Task prompt. Please retype the data below line for line and leave out every picture.

Dataset section.
□ □ □
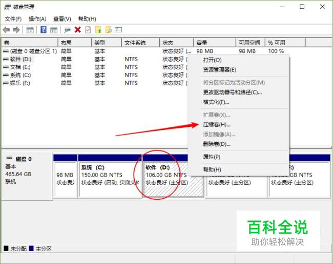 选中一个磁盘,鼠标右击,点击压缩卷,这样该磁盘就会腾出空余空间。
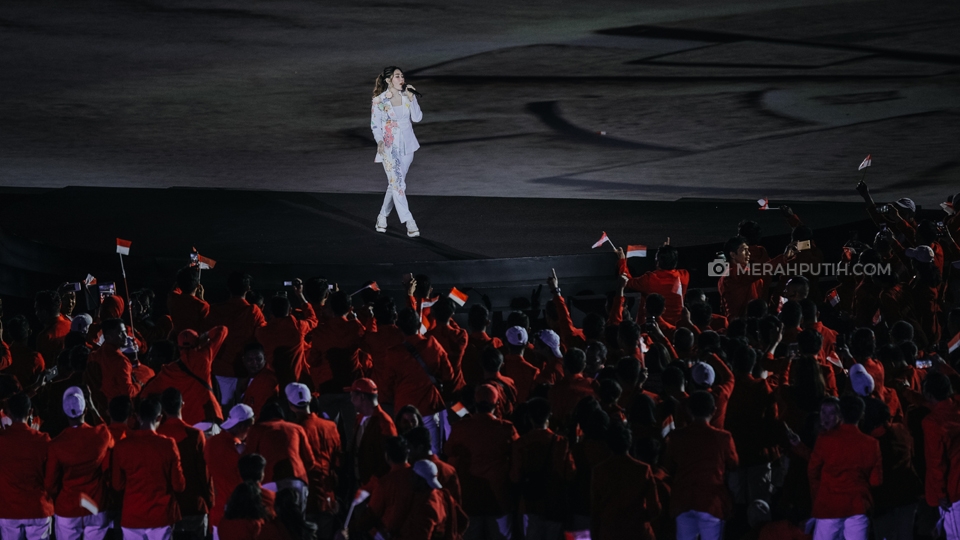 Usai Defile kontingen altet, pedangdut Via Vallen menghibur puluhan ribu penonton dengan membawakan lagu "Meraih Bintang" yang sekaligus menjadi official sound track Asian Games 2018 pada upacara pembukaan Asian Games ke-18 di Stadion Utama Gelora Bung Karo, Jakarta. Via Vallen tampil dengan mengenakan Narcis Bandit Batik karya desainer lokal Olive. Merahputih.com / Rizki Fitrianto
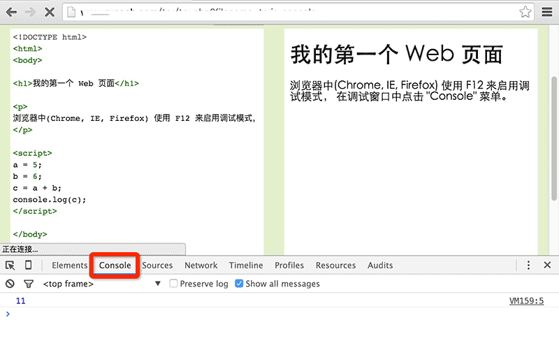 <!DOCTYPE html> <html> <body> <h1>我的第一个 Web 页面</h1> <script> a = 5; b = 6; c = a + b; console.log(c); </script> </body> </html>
□ □ □
Response area.
 选中一个磁盘,鼠标右击,点击压缩卷,这样该磁盘就会腾出空余空间。
 Usai Defile kontingen altet, pedangdut Via Vallen menghibur puluhan ribu penonton dengan membawakan lagu "Meraih Bintang" yang sekaligus menjadi official sound track Asian Games 2018 pada upacara pembukaan Asian Games ke-18 di Stadion Utama Gelora Bung Karo, Jakarta. Via Vallen tampil dengan mengenakan Narcis Bandit Batik karya desainer lokal Olive. Merahputih.com / Rizki Fitrianto
 <!DOCTYPE html> <html> <body> <h1>我的第一个 Web 页面</h1> <script> a = 5; b = 6; c = a + b; console.log(c); </script> </body> </html>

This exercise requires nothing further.